**Task details**
Write again exactly the lines in the listing below, starting at the line with "For each subdivided" and ending at the line with "Why sacrifice comfort", both included. Pictures are not copied.

**Data to use**
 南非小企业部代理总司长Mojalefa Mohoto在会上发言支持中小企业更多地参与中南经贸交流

* * *

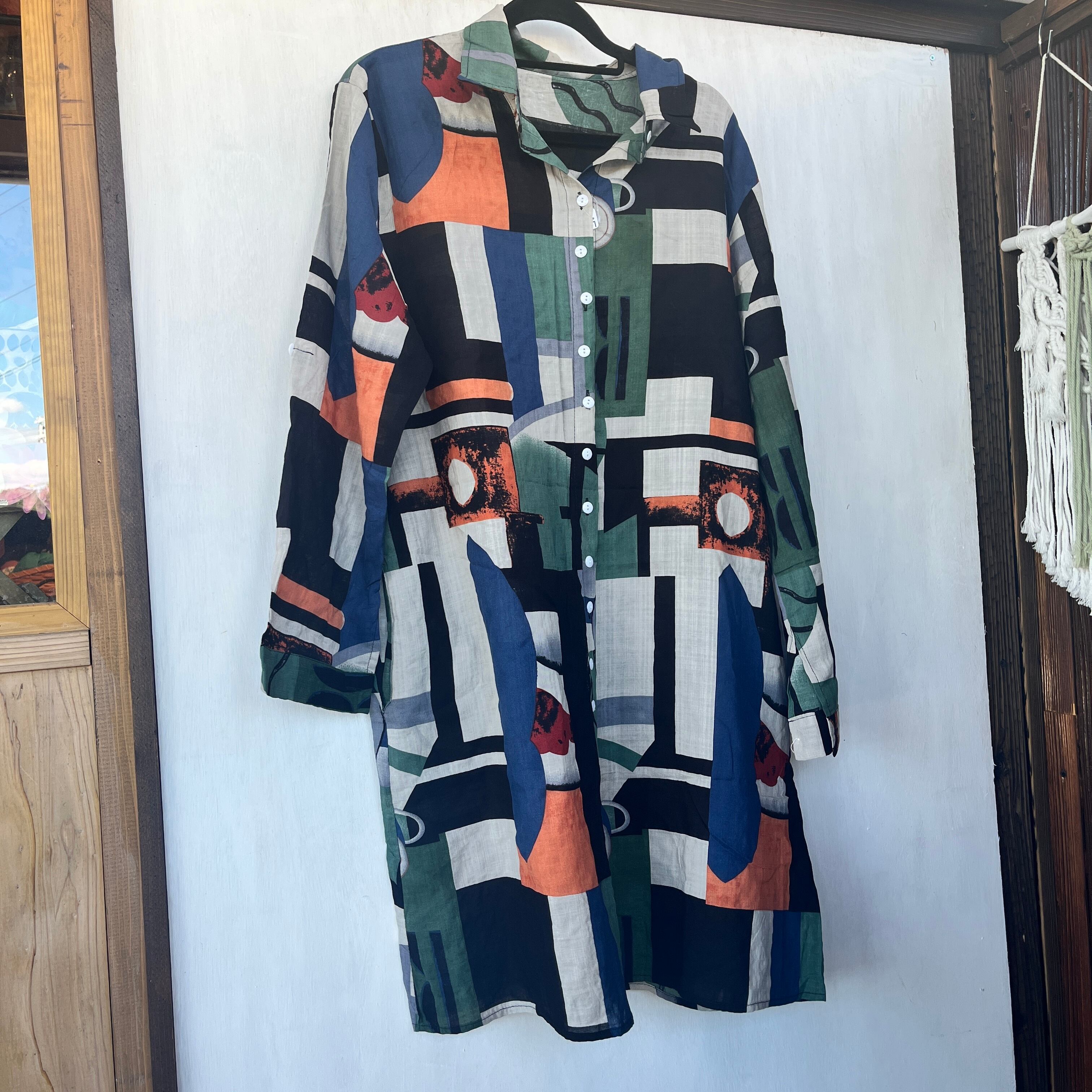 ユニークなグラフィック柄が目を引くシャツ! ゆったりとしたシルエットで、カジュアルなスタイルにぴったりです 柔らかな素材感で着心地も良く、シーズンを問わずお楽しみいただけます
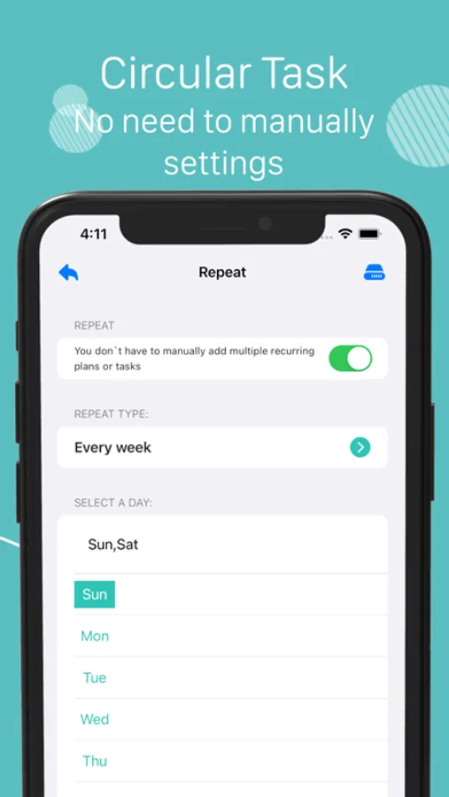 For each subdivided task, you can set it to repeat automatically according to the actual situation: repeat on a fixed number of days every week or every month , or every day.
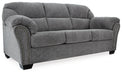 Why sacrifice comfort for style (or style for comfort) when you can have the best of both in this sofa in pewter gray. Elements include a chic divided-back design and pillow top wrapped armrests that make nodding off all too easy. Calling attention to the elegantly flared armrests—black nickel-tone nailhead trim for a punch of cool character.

--

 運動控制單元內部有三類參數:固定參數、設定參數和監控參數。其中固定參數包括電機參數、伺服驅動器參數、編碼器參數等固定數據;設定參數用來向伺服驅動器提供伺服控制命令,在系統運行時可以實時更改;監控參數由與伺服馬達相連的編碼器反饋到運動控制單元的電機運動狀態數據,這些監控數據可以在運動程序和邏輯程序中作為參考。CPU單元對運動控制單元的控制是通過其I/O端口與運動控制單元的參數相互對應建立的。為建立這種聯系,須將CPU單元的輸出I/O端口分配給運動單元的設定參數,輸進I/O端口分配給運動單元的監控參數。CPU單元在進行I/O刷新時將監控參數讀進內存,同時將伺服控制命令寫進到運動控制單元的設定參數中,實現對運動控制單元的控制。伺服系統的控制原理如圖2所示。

**Output of the task**
 For each subdivided task, you can set it to repeat automatically according to the actual situation: repeat on a fixed number of days every week or every month , or every day.
 Why sacrifice comfort for style (or style for comfort) when you can have the best of both in this sofa in pewter gray. Elements include a chic divided-back design and pillow top wrapped armrests that make nodding off all too easy. Calling attention to the elegantly flared armrests—black nickel-tone nailhead trim for a punch of cool character.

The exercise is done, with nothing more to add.